* _Work to be completed_: Reproduce the listing below from the line with "H εν λόγω μοτοσυκλέτα." to the line with "2 rm. apartment of 57 m²", both lines included, character for character, minus any pictures.

* _Records for the exercise_:
───

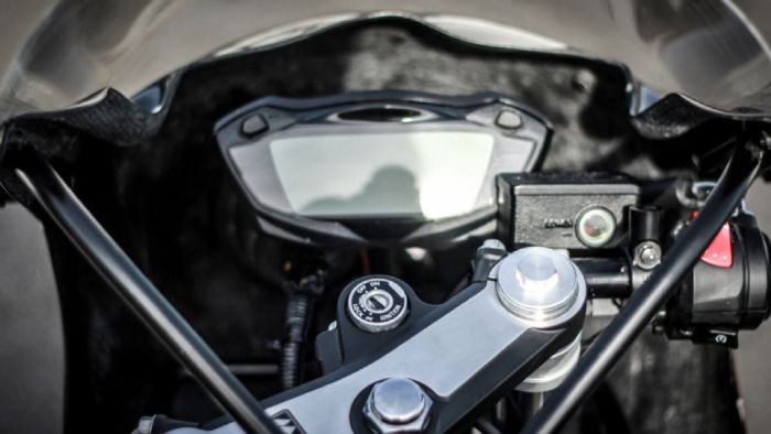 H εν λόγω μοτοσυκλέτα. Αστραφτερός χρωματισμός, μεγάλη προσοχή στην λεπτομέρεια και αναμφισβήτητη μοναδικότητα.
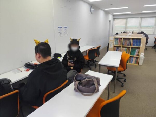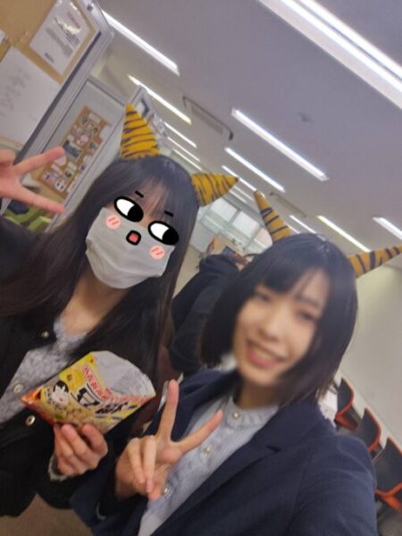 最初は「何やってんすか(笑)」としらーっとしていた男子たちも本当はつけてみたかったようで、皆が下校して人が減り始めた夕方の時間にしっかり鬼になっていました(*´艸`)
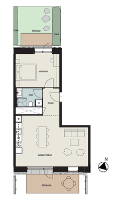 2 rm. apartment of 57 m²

───

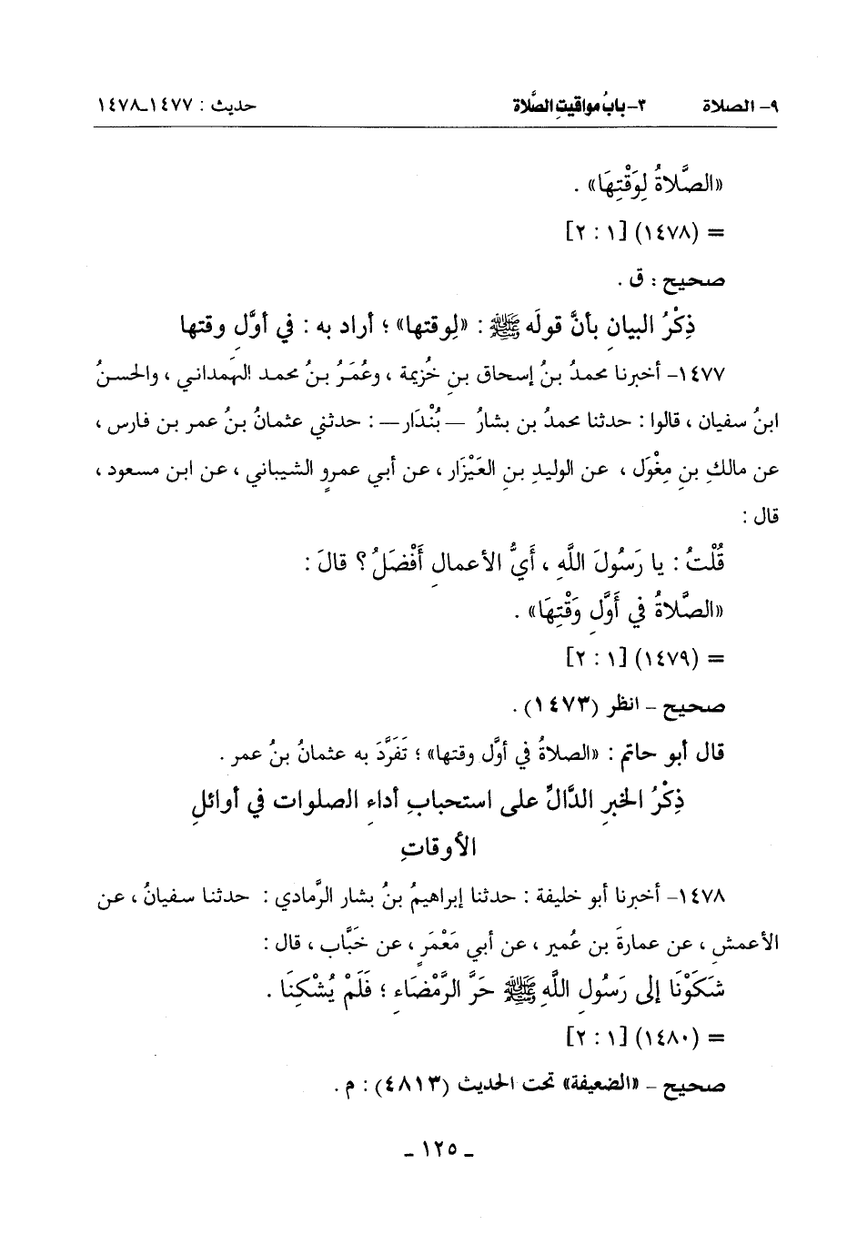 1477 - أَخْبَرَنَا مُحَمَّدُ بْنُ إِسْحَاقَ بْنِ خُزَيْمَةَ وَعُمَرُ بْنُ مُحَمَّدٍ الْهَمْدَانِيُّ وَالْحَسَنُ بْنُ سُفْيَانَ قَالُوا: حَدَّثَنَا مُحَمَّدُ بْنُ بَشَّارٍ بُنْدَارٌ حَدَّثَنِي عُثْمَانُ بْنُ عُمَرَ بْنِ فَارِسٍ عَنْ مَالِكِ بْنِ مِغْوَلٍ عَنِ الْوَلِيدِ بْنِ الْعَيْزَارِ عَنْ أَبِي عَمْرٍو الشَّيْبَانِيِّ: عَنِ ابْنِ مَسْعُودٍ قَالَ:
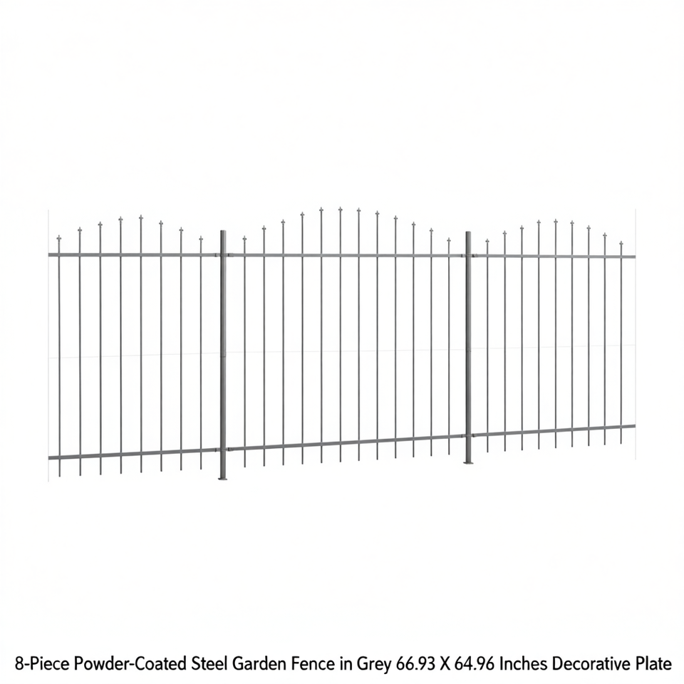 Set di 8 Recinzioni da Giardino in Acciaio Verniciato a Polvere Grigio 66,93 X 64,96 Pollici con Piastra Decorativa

───

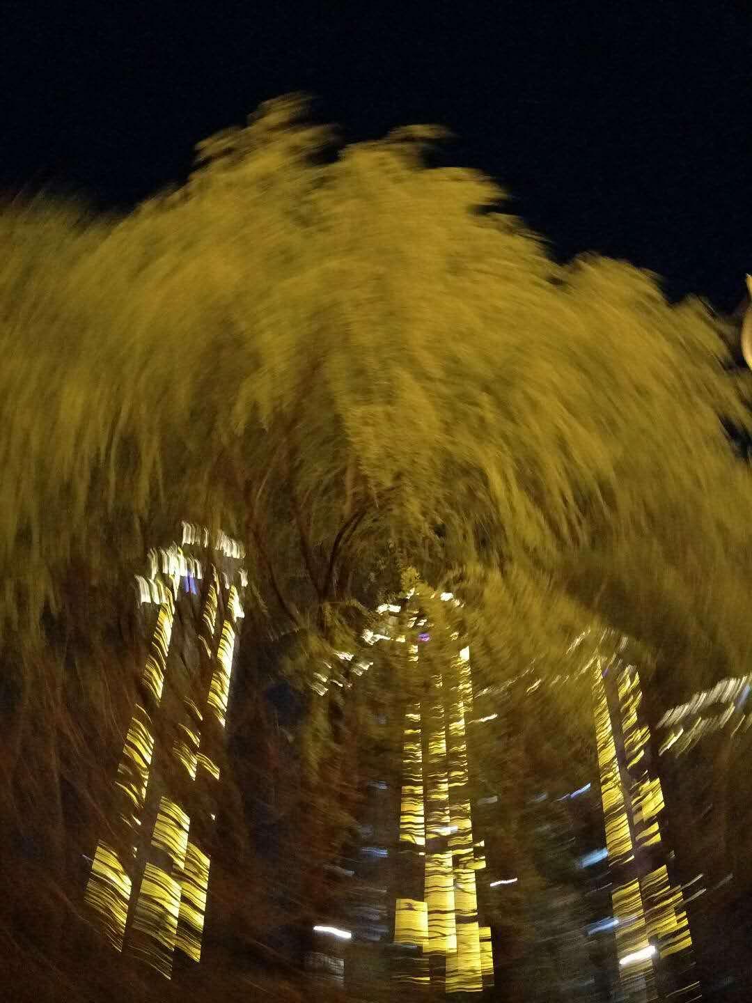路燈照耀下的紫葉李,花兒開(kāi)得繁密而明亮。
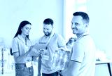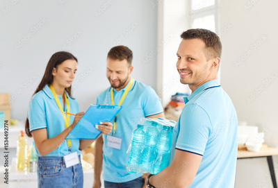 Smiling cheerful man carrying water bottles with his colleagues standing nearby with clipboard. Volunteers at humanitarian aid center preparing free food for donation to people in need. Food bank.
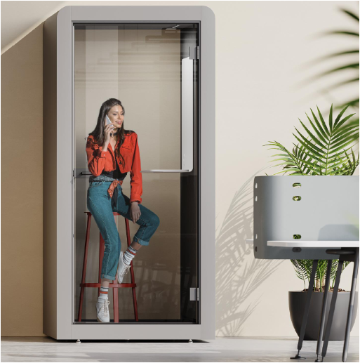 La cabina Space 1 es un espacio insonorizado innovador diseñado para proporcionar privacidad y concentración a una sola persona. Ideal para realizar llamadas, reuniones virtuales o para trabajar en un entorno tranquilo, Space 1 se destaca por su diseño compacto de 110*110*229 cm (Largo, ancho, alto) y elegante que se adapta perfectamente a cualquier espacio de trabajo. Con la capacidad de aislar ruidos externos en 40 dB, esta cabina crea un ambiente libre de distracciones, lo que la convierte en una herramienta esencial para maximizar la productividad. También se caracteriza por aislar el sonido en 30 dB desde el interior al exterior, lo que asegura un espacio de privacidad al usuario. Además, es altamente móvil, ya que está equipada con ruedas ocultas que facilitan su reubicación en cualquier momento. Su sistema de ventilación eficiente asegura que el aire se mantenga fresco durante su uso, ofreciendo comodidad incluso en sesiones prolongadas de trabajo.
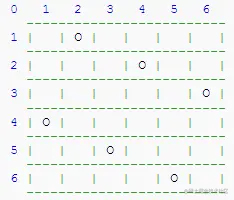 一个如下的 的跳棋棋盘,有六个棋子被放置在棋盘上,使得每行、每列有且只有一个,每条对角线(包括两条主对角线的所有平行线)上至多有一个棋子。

───

* _Answer space_:
 H εν λόγω μοτοσυκλέτα. Αστραφτερός χρωματισμός, μεγάλη προσοχή στην λεπτομέρεια και αναμφισβήτητη μοναδικότητα.
 最初は「何やってんすか(笑)」としらーっとしていた男子たちも本当はつけてみたかったようで、皆が下校して人が減り始めた夕方の時間にしっかり鬼になっていました(*´艸`)
 2 rm. apartment of 57 m²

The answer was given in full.